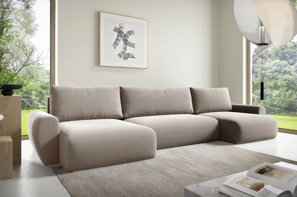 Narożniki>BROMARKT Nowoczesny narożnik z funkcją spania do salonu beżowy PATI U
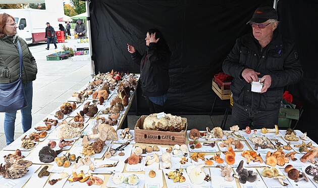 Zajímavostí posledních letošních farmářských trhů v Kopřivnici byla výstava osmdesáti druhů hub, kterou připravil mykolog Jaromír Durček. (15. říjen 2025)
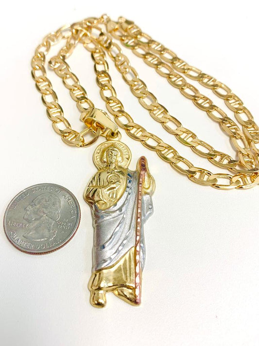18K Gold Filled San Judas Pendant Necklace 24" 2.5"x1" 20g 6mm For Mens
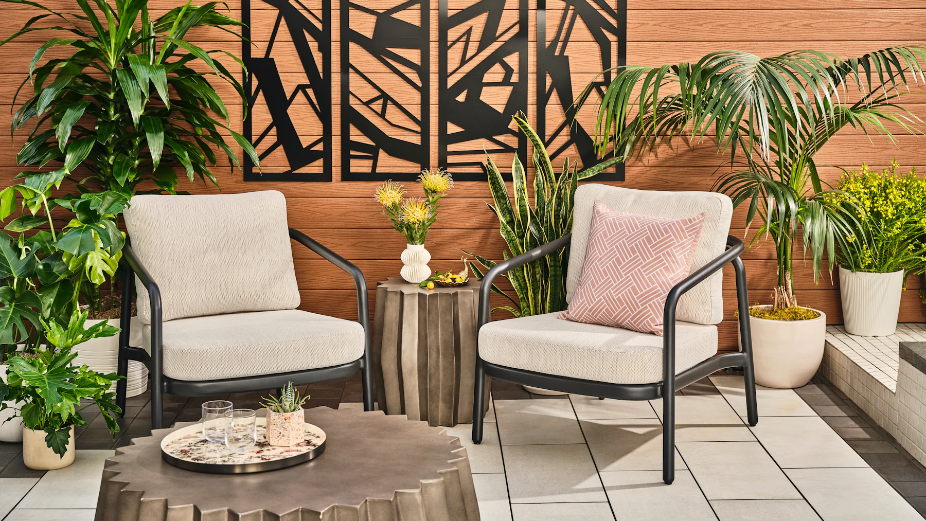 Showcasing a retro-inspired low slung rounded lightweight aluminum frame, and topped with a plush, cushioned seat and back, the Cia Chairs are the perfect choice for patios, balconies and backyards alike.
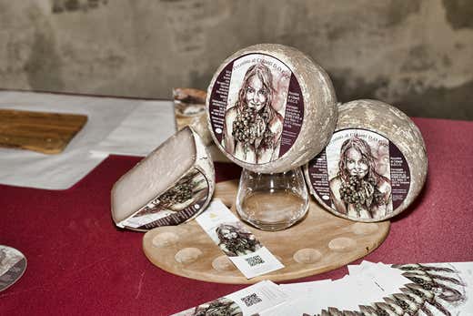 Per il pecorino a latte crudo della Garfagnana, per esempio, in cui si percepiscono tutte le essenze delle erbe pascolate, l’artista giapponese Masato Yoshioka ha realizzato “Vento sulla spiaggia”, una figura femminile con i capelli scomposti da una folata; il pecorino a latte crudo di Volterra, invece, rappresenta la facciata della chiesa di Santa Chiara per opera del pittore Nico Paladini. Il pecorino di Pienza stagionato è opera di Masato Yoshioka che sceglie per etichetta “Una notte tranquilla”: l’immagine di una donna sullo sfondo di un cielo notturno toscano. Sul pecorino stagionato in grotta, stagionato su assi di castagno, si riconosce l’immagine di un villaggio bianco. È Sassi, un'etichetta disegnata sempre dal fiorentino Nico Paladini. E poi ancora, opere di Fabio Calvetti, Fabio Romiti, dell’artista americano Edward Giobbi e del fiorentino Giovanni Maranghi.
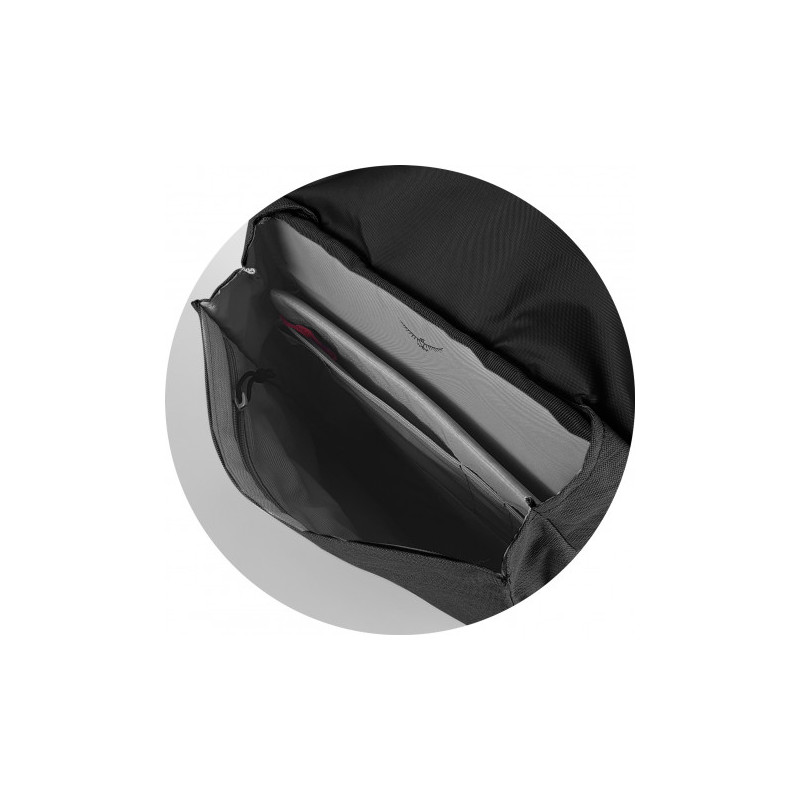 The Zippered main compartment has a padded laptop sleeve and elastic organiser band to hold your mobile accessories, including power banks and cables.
======
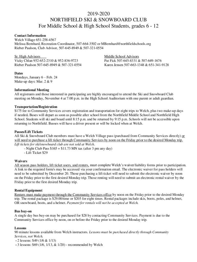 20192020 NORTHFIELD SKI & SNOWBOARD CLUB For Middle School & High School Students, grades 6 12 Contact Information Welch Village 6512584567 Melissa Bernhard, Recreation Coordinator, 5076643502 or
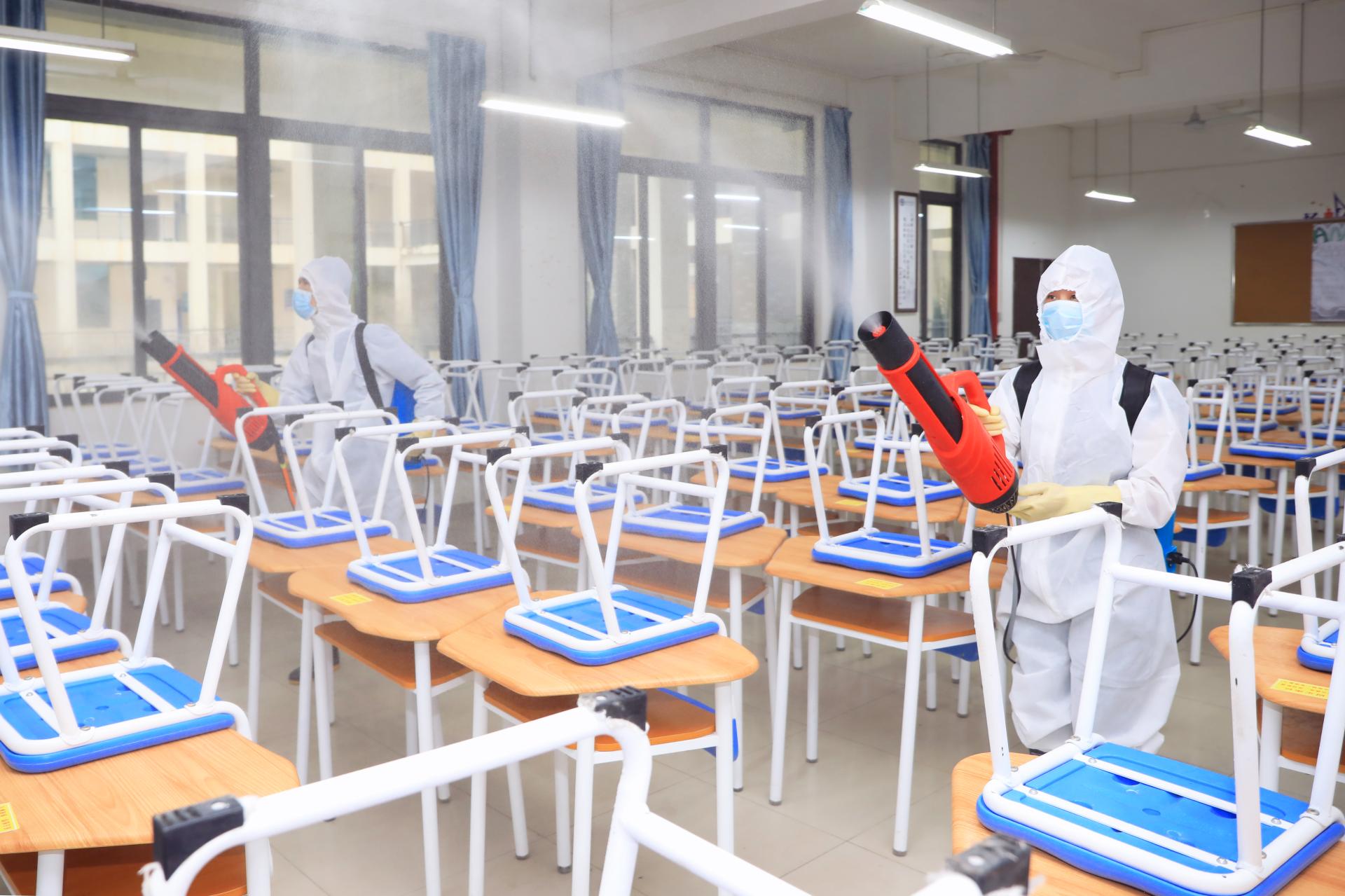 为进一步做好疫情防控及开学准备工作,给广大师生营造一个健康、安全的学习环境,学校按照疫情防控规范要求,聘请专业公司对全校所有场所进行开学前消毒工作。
======
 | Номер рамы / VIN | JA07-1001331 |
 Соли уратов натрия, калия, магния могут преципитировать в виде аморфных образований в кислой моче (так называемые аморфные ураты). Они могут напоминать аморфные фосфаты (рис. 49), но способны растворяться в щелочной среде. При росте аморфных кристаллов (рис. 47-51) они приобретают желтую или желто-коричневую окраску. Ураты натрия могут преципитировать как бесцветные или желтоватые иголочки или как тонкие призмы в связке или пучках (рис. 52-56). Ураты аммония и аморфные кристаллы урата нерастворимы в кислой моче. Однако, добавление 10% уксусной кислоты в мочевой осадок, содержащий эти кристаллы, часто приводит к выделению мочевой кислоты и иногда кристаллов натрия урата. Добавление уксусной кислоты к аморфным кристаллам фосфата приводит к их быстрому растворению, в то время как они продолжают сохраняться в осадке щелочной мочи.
======
Problem details. With the pictures omitted, copy the entries above exactly from the line containing "Narożniki>BROMARKT Nowoczesny narożnik" through the line containing "Showcasing a retro-inspired", both lines included.

Exercise answer.
 Narożniki>BROMARKT Nowoczesny narożnik z funkcją spania do salonu beżowy PATI U
 Zajímavostí posledních letošních farmářských trhů v Kopřivnici byla výstava osmdesáti druhů hub, kterou připravil mykolog Jaromír Durček. (15. říjen 2025)
18K Gold Filled San Judas Pendant Necklace 24" 2.5"x1" 20g 6mm For Mens
 Showcasing a retro-inspired low slung rounded lightweight aluminum frame, and topped with a plush, cushioned seat and back, the Cia Chairs are the perfect choice for patios, balconies and backyards alike.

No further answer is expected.